By BS Reporter
The profiles of foreign institutional flows into Indian equities saw a change in the quarter ended September, as the slew of pro-business measures by the government encouraged more global funds to invest in stocks in India, according to a report released on Monday by BNP Paribas Securities.
In August, BNP Paribas Securities had questioned the type of foreign institutional flows into the country’s stocks before July. BNP’s Manishi Raychaudhuri had said there was a large component of ‘other’, unexplained inflows. This had sparked a debate on Dalal Street about the possibility of round-tripping into Indian stocks. Round-tripping involves routing of illicit money of resident Indians back into the country to avoid taxes.

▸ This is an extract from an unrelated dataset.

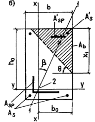 Принимаем 10 Æ 15 (Asp = 1416 мм2). ЭЛЕМЕНТЫ, РАБОТАЮЩИЕ НА КОСОЙ ИЗГИБ3.17. Расчет прямоугольных, тавровых, двутавровых и Г-образных сечений элементов, работающих на косой изгиб, допускается производить, принимая форму сжатой зоны по черт. 7; при этом должно удовлетворяться условие Mx £ Rb[Son,x + Aweb(h0 - x1/3)] + RscSsx + sscSspx, (47) где Mx - составляющая изгибающего момента в плоскости оси x (за оси x и y принимаются две взаимно перпендикулярные оси, проходящие через точку приложения равнодействующей усилий в растянутой арматуре, параллельно сторонам сечения; для сечения с полкой ось x принимается параллельно плоскости ребра); Aweb = Ab - Aon; (48) Ab - площадь сжатой зоны бетона, равная: Aon - площадь сечения наиболее сжатого свеса полки; x1 - размер сжатой зоны бетона по наиболее сжатой стороне сечения, определяемый по формуле здесь Son,x - статический момент площади Аon в плоскости оси x относительно оси y; Son,y - то же, в плоскости оси y относительно оси x; b0 - расстояние от равнодействующей усилий в растянутой арматуре до наиболее сжатой боковой стороны сечения (грани ребра); b - угол наклона плоскости действия изгибающего момента к оси x, т.е. ctgb = Mx/My; Ssx, Sspx - статические моменты площади сечения соответственно ненапрягаемой и напрягаемой арматуры S' относительно оси y. Черт. 7. Форма сжатой зоны в поперечном сечении железобетонного элемента, работающего на косой изгиб а - таврового сечения; б - прямоугольного сечения; 1-1 - плоскость действия изгибающего момента; 2 - точка приложения равнодействующей усилий в растянутой арматуре При расчете прямоугольных сечений значения Aon, Son,x и Son,y в формулах (47), (48) и (51) принимаются равными нулю. Если Ab < Aon или если x < 0,2h¢f, расчет производится как для прямоугольного сечения шириной b = b¢f. Если выполняется условие где bon - ширина наименее сжатого свеса полки, расчет производится без учета косого изгиба, т.е. по формулам пп. 3.9 и 3.13 на действие момента M = Mx; при этом следует проверить условие (55), принимая х1, как при косом изгибе. Приведенную методику расчета следует применять, если относительная высота сжатой зоны, измеренная по нормали к границе сжатой зоны и определяемая по формуле (53), меньше или равна xR (см. п. 3.6): где b¢on - ширина наиболее сжатого свеса; q - угол наклона прямой, ограничивающей сжатую зону, к оси y, значение tgq определяется по формуле tgq = x12/(2Aweb); (54) x1 - для определения x1 вычисляется по формуле (50) при gs6 = 1,0. Для проверки условия (47) коэффициент gs6 в формуле (49) определяется, согласно п. 3.7, при значении x, принимаемом равным: при отсутствии в сжатой зоне полки x = x1; при наличии в сжатой зоне полки x = (x1 + xR)/2. Если выполняется условие x1 > xR, (55) следует произвести повторный расчет с заменой для напрягаемой арматуры в формуле (49) значения gs6Rs напряжением ss, равным: для арматуры с условным пределом текучести (см. п. 2.16): при x £ xel (где xel - см. п. 3.18 или табл. 31) при x > xel где b - см. п. 3.18; ssc,u, w, ssp - см. п. 3.6;
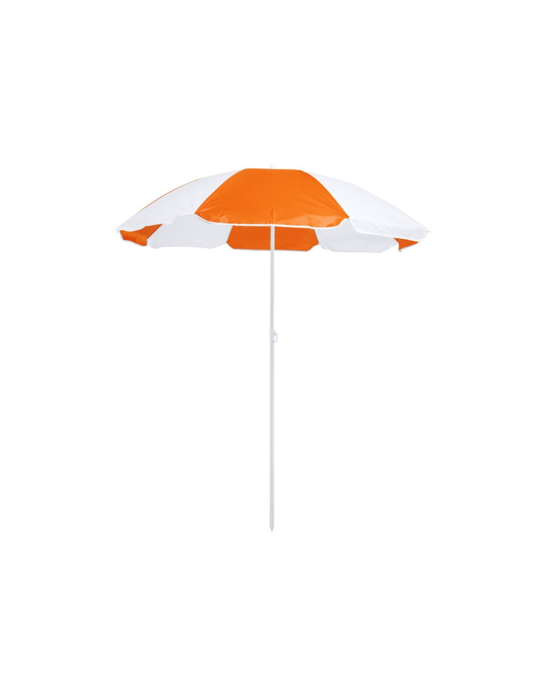 Sombrilla de playa de 8 paneles en resistente nylon de combinación bicolor. De 150cm de diámetro, con faldones laterales ribeteados, tubos metalizados en color blanco y ajustable en altura. Presentada en funda de PVC con cinta de transporte para hombro. Disponible en variada gama de colores combinados.

The money is usually routed through tax-friendly nations, such as Mauritius.
Now, Raychaudhuri says sources of FII flows have changed slightly — more flows are being recorded under ‘regular’ sources. Flows from ‘other’, or unexplained, sources declined from 50 per cent in the first half this year to about 20 per cent in the quarter ended September, he said in the report released on Monday.
Regular sources refer to global emerging market and Asia funds, while the ‘others’ category includes global funds, hedge funds and sector-specific and sovereign wealth funds. In August, Raychaudhuri had said, “While it includes a combination of hedge funds, sovereign wealth funds and sector funds, such a large quantum of money coming from non-regular sources lends credence to the oft-repeated conspiracy theory that a lot of FII (foreign institutional investment) flows into India are, in reality, Indian money disguised as FII money.”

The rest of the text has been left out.